What needs to be done: Skip all pictures, then copy the lines from the start of the data through the line with "The Solid Silver", keeping both ends.
### Information ###
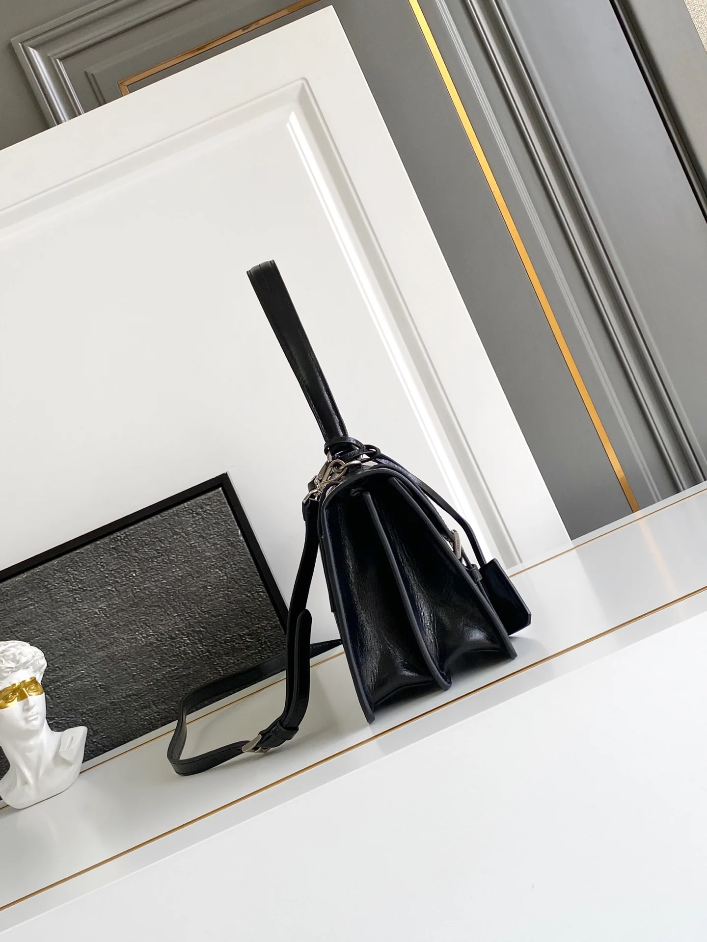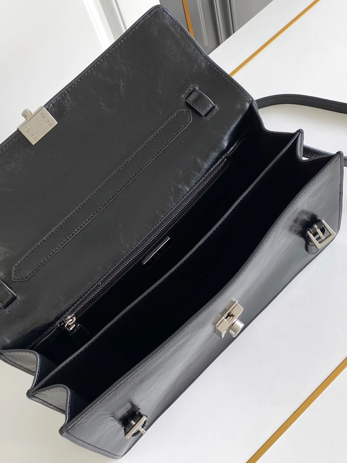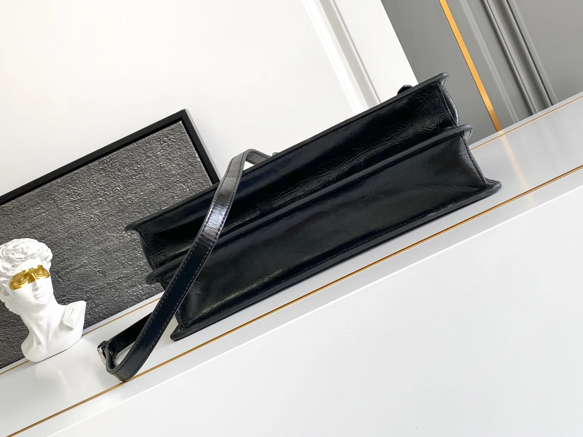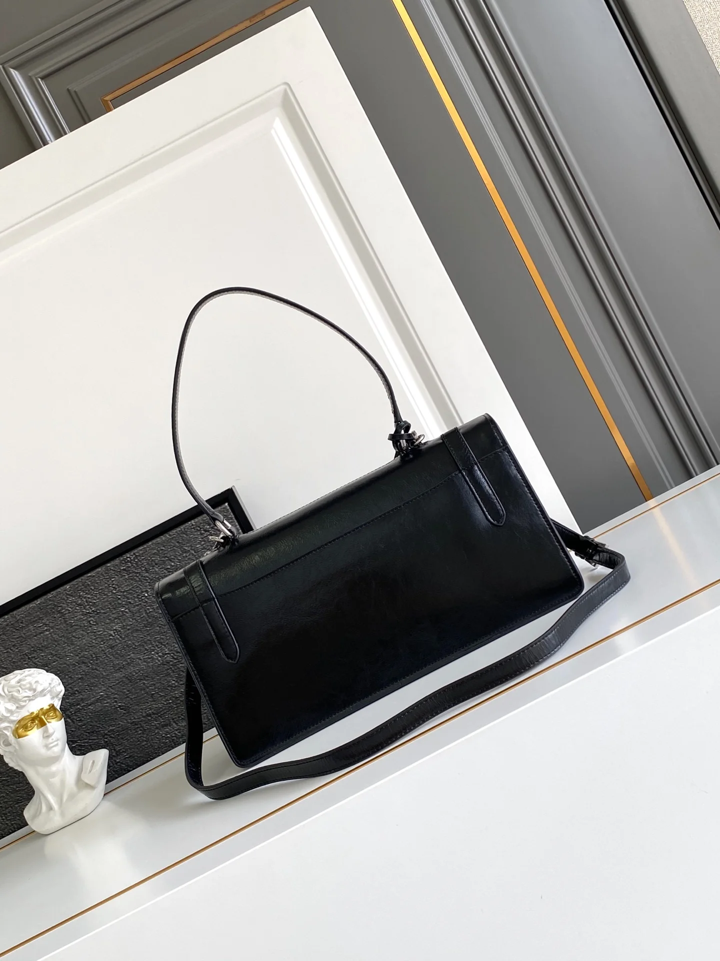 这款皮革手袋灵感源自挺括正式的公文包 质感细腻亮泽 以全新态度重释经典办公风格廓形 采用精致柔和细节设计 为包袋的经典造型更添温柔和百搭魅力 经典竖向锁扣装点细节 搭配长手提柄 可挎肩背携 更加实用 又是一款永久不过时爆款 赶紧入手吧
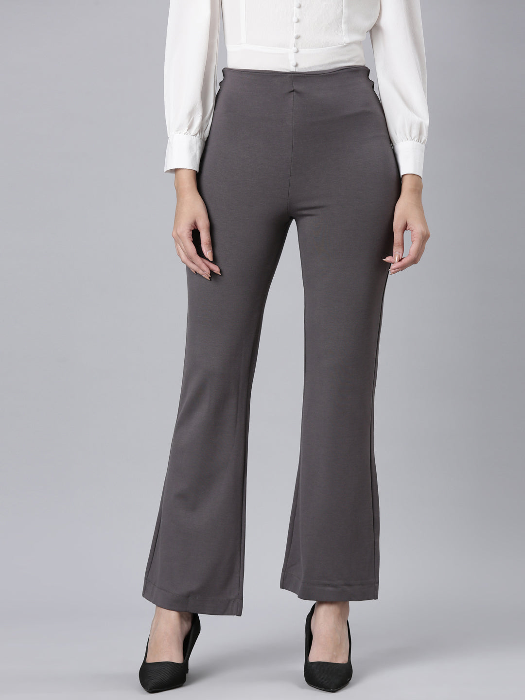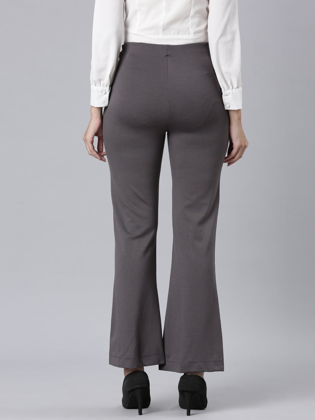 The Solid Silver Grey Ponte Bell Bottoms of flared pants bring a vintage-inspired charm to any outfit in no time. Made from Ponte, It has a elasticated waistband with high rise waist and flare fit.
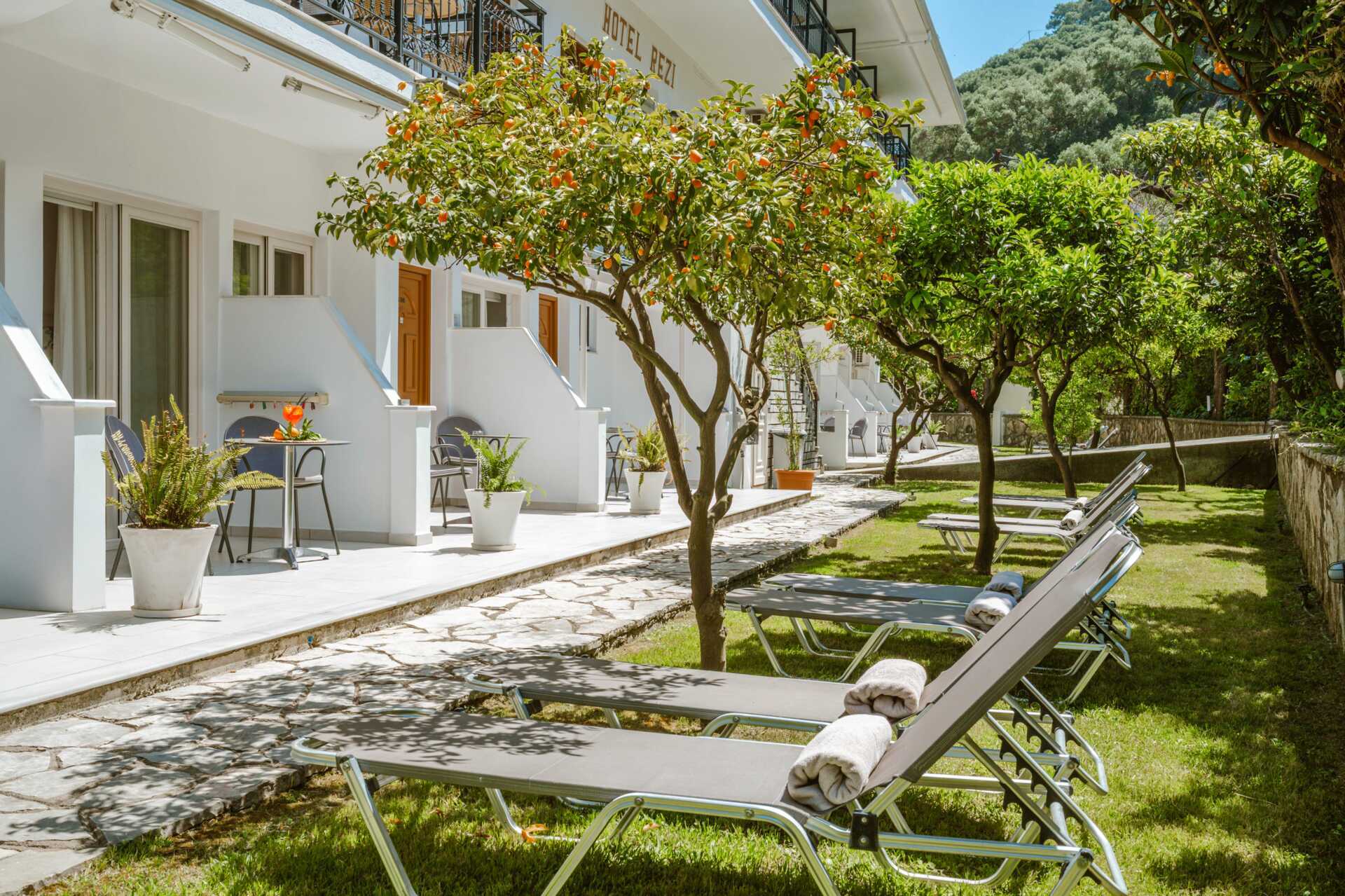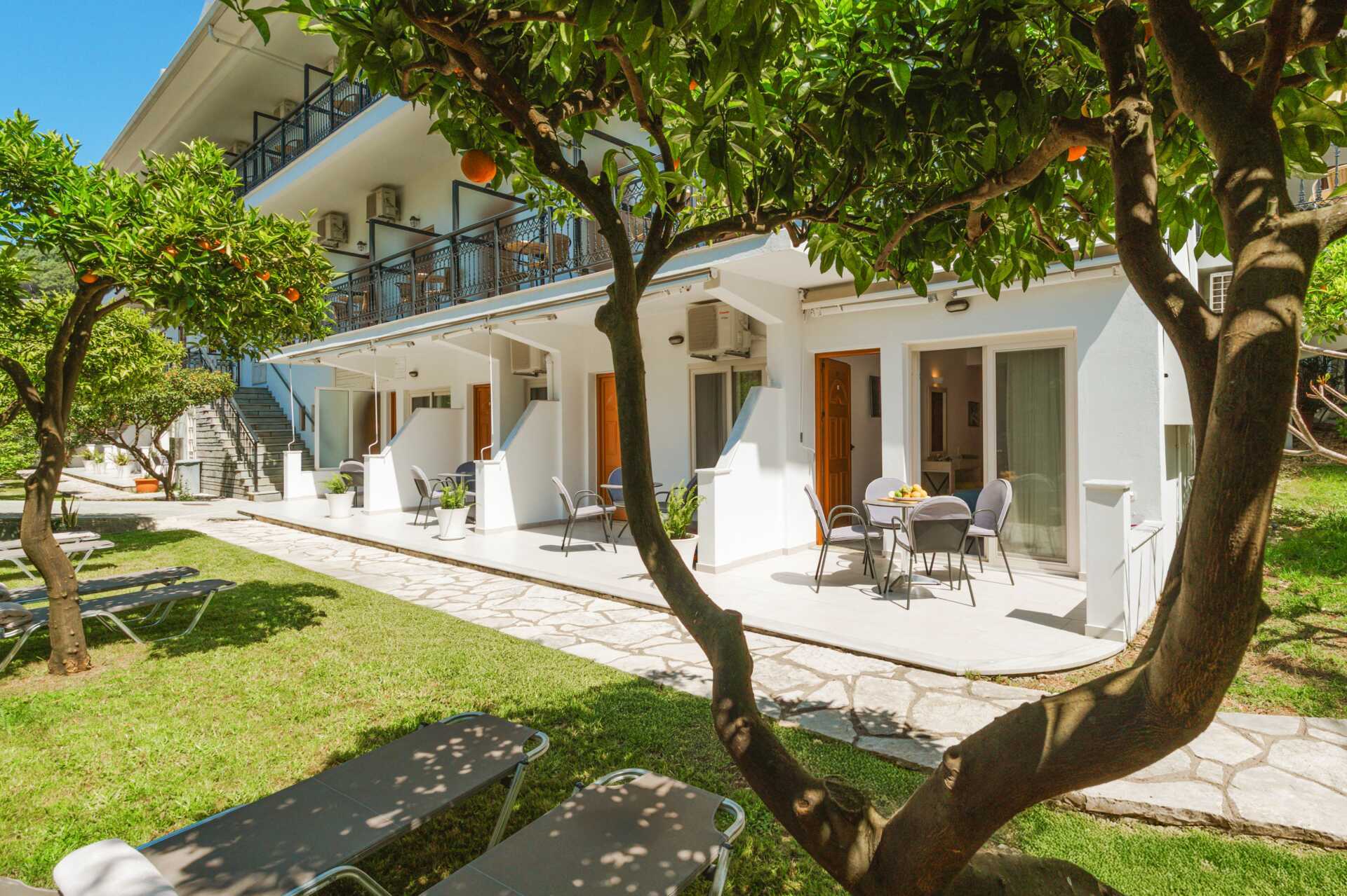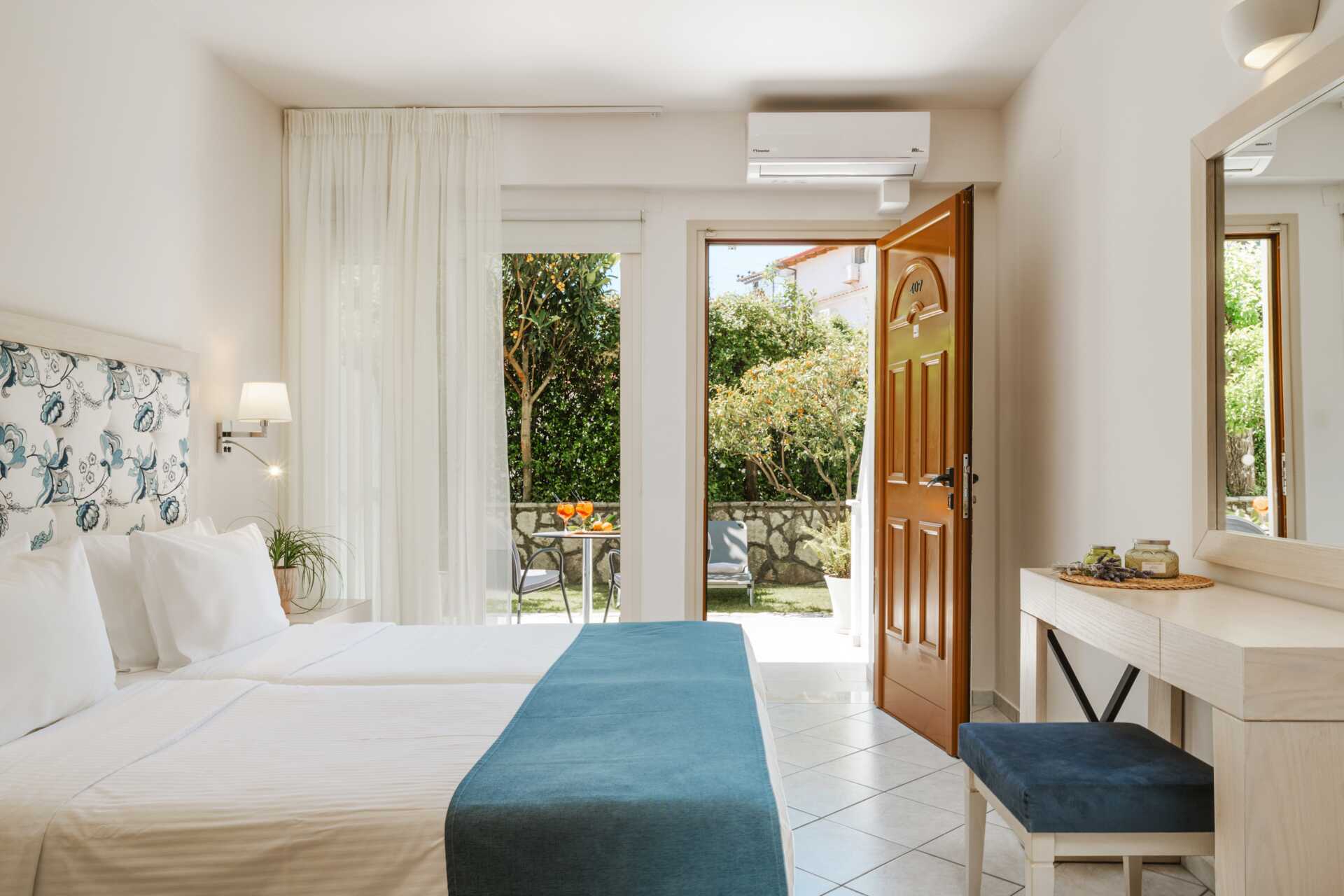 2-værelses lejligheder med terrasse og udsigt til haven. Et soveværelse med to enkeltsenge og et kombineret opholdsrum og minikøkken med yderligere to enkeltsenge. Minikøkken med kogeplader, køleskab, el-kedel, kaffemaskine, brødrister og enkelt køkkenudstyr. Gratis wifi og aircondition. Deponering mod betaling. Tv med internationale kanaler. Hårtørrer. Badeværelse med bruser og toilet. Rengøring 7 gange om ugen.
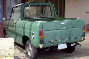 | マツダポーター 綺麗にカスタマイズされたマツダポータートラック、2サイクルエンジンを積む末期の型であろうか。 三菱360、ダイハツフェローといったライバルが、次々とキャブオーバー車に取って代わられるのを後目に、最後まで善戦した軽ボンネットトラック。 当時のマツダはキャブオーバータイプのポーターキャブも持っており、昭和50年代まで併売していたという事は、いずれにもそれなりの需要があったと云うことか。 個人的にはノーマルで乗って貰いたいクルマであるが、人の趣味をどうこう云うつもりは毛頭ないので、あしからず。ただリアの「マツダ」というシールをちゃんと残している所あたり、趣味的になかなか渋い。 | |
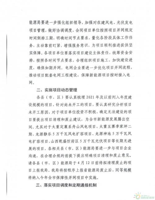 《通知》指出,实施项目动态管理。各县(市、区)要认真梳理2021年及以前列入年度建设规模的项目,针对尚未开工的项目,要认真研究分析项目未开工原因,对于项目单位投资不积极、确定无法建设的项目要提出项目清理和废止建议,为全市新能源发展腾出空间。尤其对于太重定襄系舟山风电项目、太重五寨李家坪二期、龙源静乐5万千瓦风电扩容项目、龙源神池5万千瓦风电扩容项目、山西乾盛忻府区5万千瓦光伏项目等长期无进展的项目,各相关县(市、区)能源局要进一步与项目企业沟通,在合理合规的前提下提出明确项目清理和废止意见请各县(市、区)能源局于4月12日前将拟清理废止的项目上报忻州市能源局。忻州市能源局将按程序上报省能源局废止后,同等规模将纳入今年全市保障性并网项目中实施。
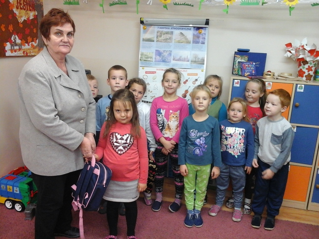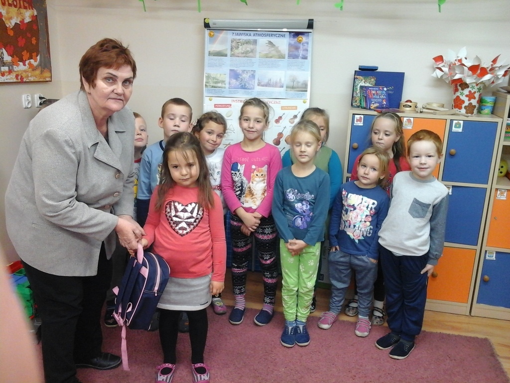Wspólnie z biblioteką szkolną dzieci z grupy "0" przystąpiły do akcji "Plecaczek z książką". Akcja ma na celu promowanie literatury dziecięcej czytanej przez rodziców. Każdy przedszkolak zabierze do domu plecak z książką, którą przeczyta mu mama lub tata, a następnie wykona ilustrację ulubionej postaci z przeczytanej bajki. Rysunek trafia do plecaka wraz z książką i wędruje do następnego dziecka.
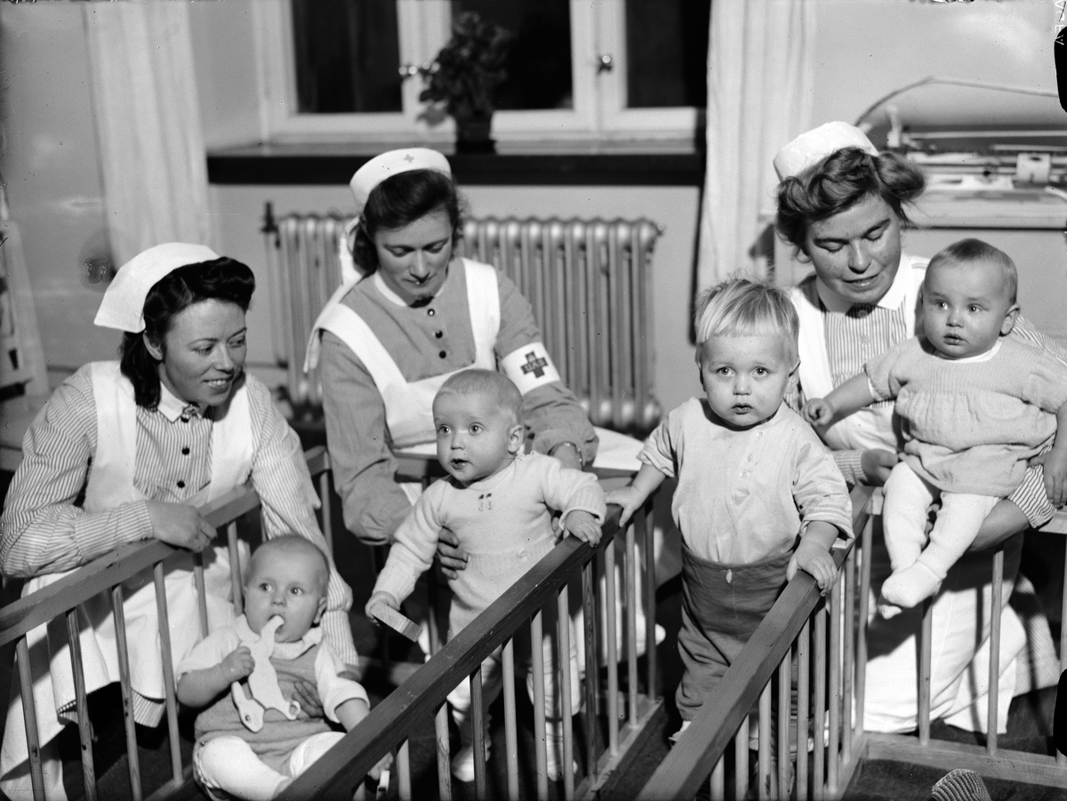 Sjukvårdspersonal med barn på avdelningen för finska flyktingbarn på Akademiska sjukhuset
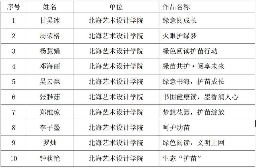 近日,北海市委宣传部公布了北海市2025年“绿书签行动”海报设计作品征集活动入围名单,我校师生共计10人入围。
###
Response:
 这款皮革手袋灵感源自挺括正式的公文包 质感细腻亮泽 以全新态度重释经典办公风格廓形 采用精致柔和细节设计 为包袋的经典造型更添温柔和百搭魅力 经典竖向锁扣装点细节 搭配长手提柄 可挎肩背携 更加实用 又是一款永久不过时爆款 赶紧入手吧
 The Solid Silver Grey Ponte Bell Bottoms of flared pants bring a vintage-inspired charm to any outfit in no time. Made from Ponte, It has a elasticated waistband with high rise waist and flare fit.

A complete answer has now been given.